## Simulate rain

Simulate rain drops on a 1 meter wide walk way. Each rain drop is going to cover 1 centimeter of the walkway. Assume that a rain drop randomly falls from any position within the meter and falls straight down.

Find out how many rain drops it takes to wet the whole walkway.

## Solution

Obviously, the number of rain drop it takes to wet the whole walkway is not fixed because of the randomness in rain generation.

# Rain Generation

What we can do is to generate the center of each rain drop with the built-in random function between [0, 1.00001] meter.

If a drop occurs at position 0.921, the area that gets wet will be [0.921 - 0.005, 0.921 + 0.005] = [0.916, 0.926].

If a second drop falls at position 0.918, the area that gets will be [0.913, 0.923].

Then merge the overlapped areas.
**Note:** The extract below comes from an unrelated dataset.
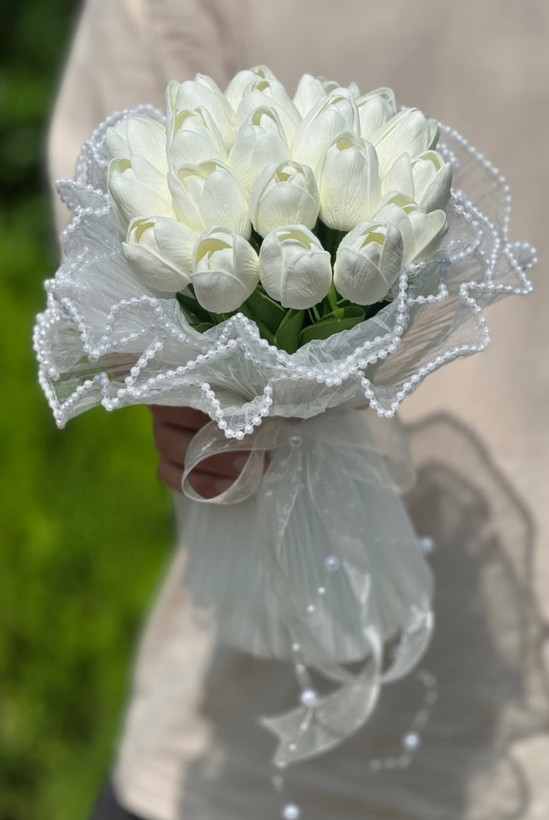 ۲۰ شاخه لاله مصنوعی لمسی به همراه تور برفی🤍
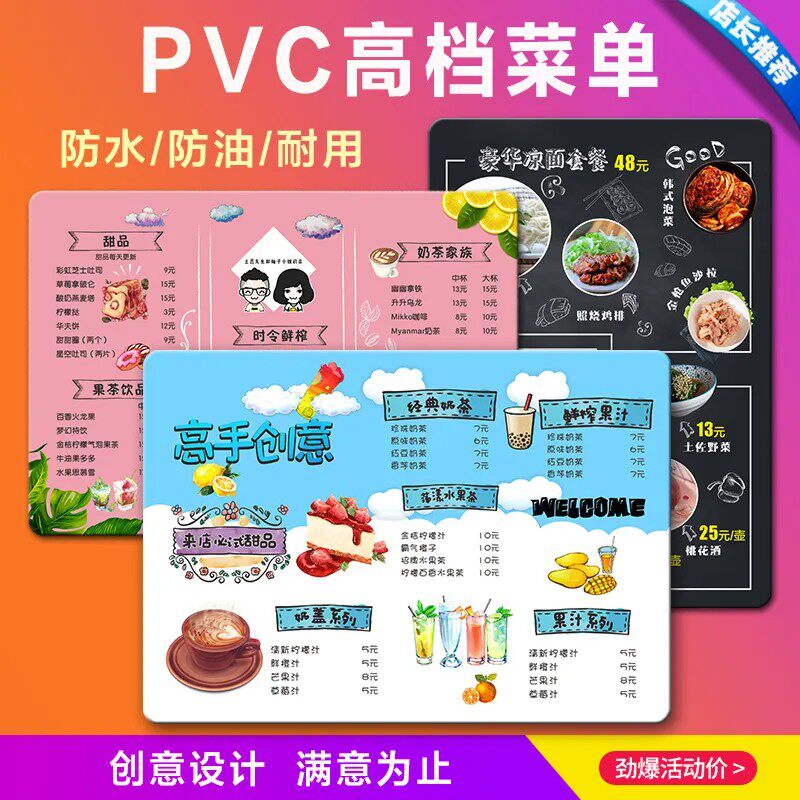 ПВХ меню Создание меню ценовых рецептов рецепты рецепты стола KTV Wine Custom Barbecue Design Printing Card Carding Пластиковая уплотнение водонепроницаемость

At this point [0.913, 0.926] of the 1-meter-walkway is wet.

The moment that [0,1] the whole meter is wet, the simulation can stop and return the count of raindrops by far.

# Walkway

So how to abstract the walkway in our code to make it easier to keep track of the wet area?

One way is to keep track all the intervals of rain drop areas and merge them every round until eventually left with a single interval [0,1].

The process to merge intervals is going to take O(logN) time if we apply binary search on finding where the current rain drop locates in the set of intervals.

A better way is to have an array of size 100 in which each element notes 1 centimeter on the walkway.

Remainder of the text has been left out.